Input data:
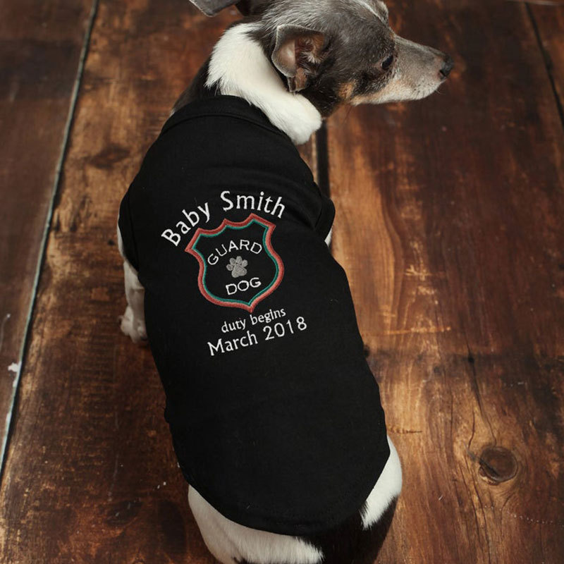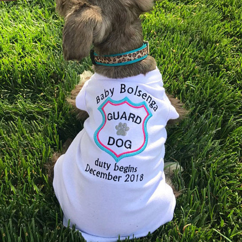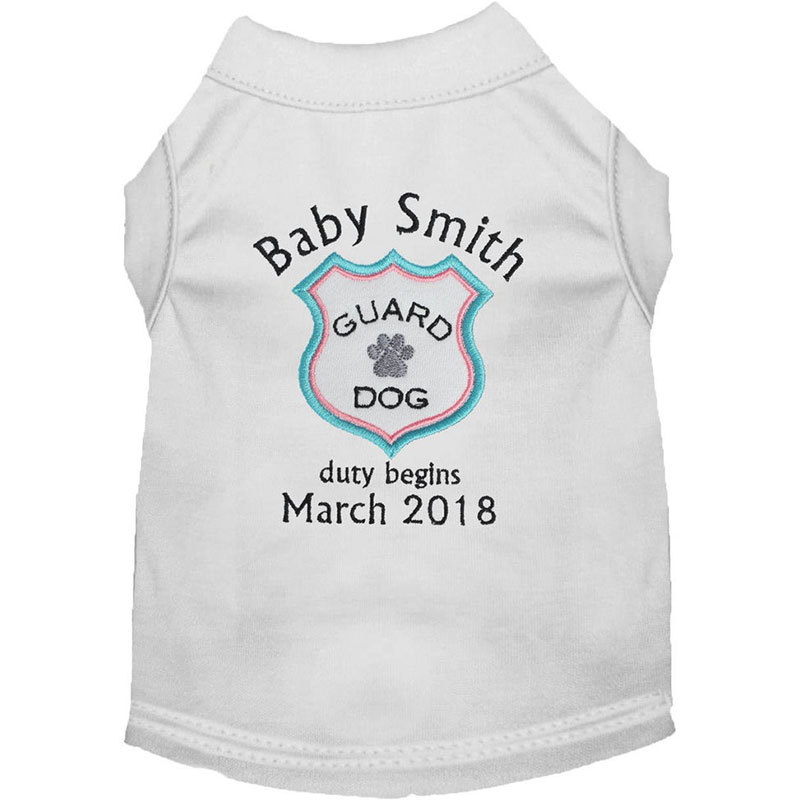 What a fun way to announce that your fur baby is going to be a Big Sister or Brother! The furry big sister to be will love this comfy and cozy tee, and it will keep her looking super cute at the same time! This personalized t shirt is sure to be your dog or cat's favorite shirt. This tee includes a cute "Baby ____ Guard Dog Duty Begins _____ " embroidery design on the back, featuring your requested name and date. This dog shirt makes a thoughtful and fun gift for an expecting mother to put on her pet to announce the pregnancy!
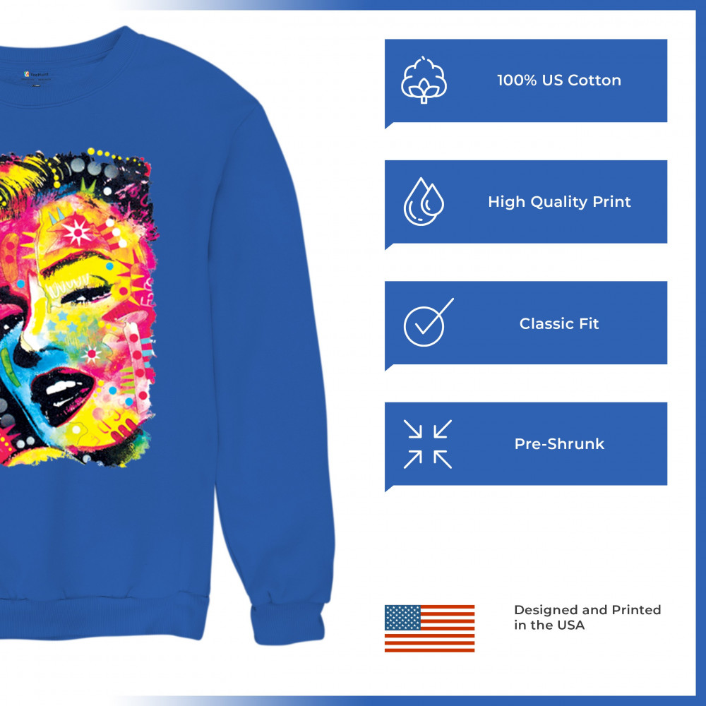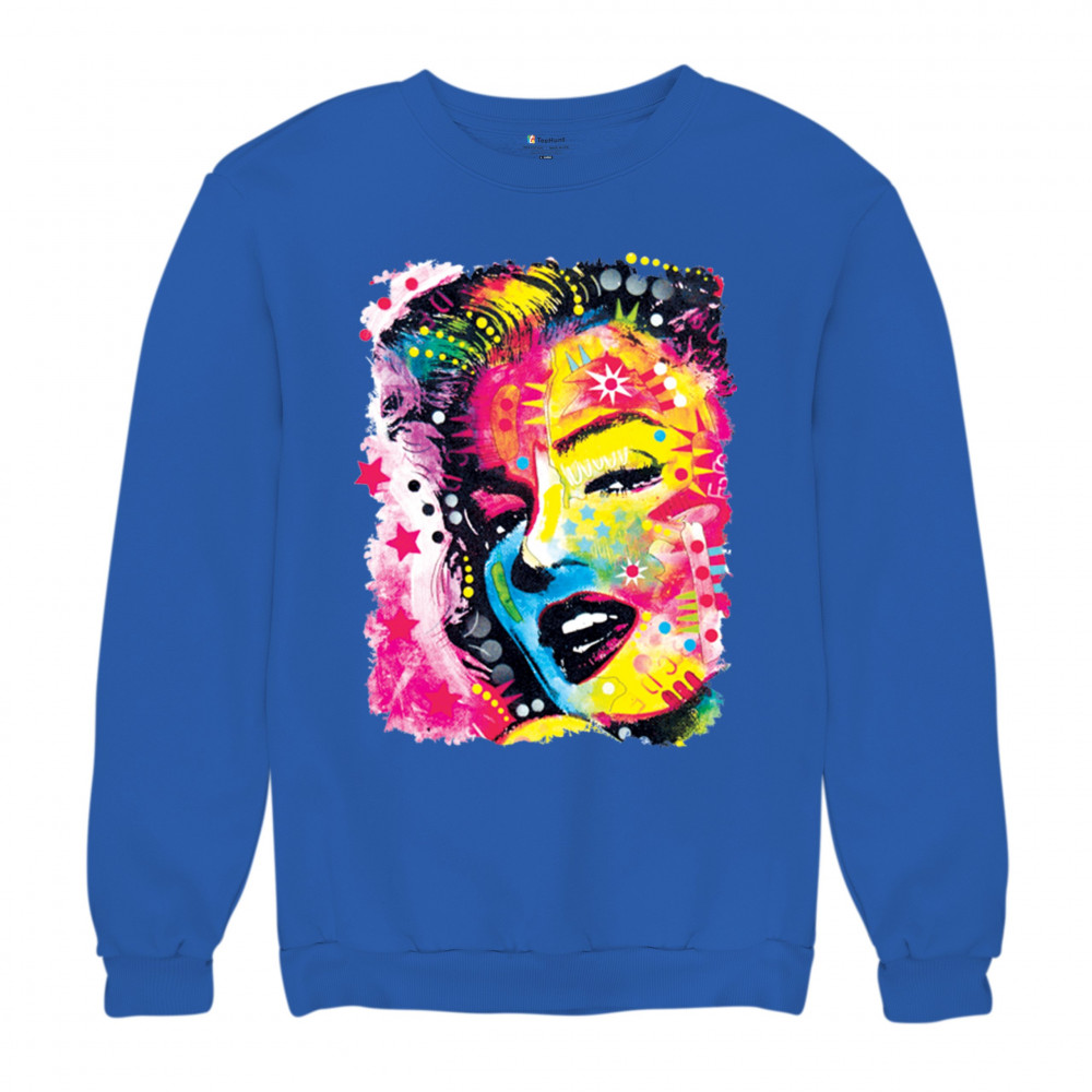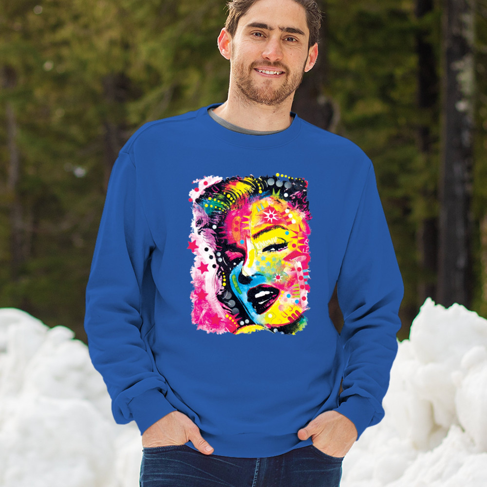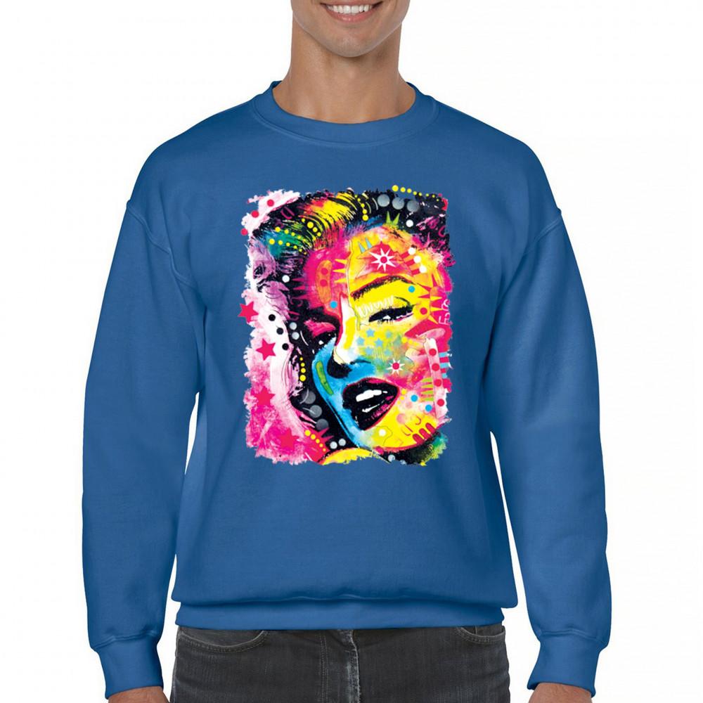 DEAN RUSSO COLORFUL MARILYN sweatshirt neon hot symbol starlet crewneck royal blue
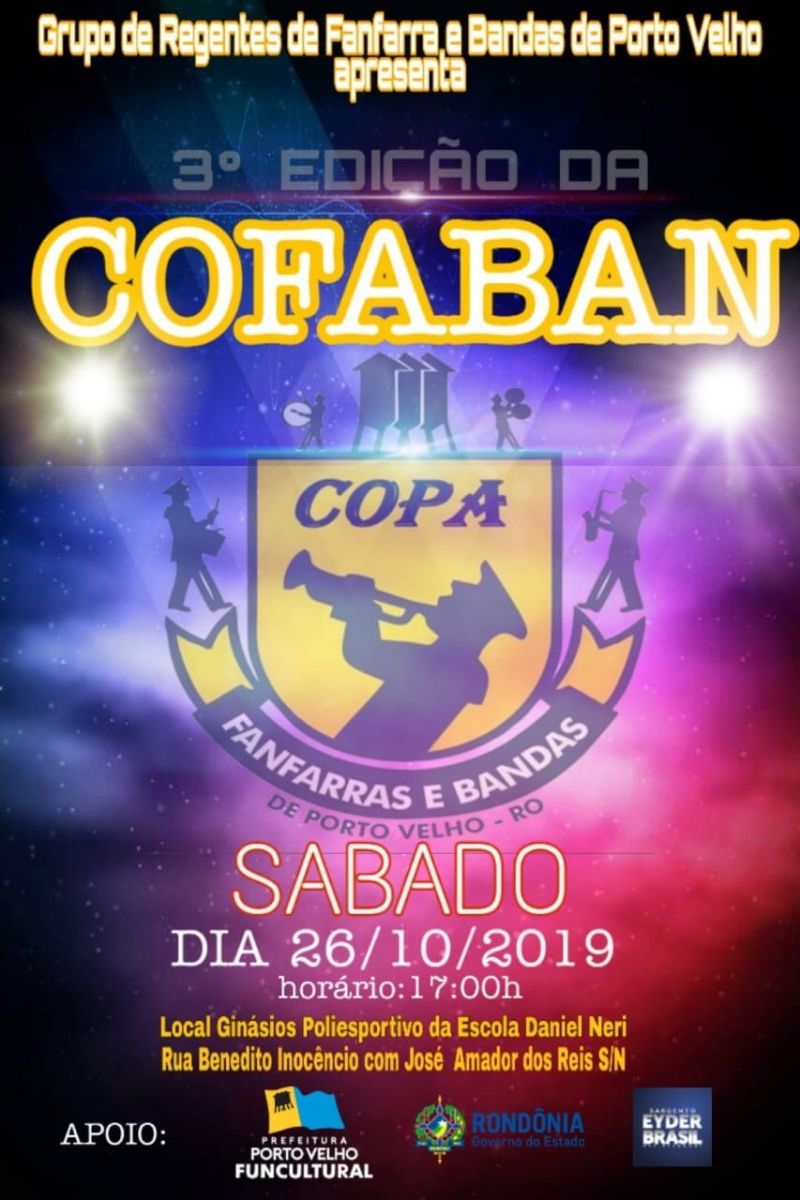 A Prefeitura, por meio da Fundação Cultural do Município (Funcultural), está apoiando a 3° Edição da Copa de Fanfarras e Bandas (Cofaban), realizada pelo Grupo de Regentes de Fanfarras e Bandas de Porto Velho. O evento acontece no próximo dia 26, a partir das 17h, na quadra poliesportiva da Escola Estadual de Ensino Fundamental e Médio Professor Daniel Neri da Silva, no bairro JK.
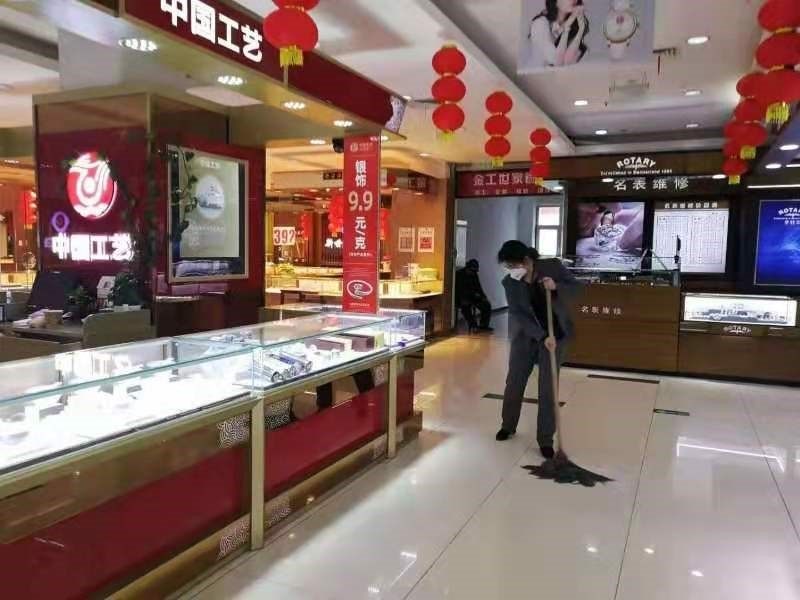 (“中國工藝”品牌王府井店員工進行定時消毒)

Activity:
Every line from the one that holds "A Prefeitura, por" to the end of the listing should be output exactly, with pictures left out, please.

Worked solution:
 A Prefeitura, por meio da Fundação Cultural do Município (Funcultural), está apoiando a 3° Edição da Copa de Fanfarras e Bandas (Cofaban), realizada pelo Grupo de Regentes de Fanfarras e Bandas de Porto Velho. O evento acontece no próximo dia 26, a partir das 17h, na quadra poliesportiva da Escola Estadual de Ensino Fundamental e Médio Professor Daniel Neri da Silva, no bairro JK.
 (“中國工藝”品牌王府井店員工進行定時消毒)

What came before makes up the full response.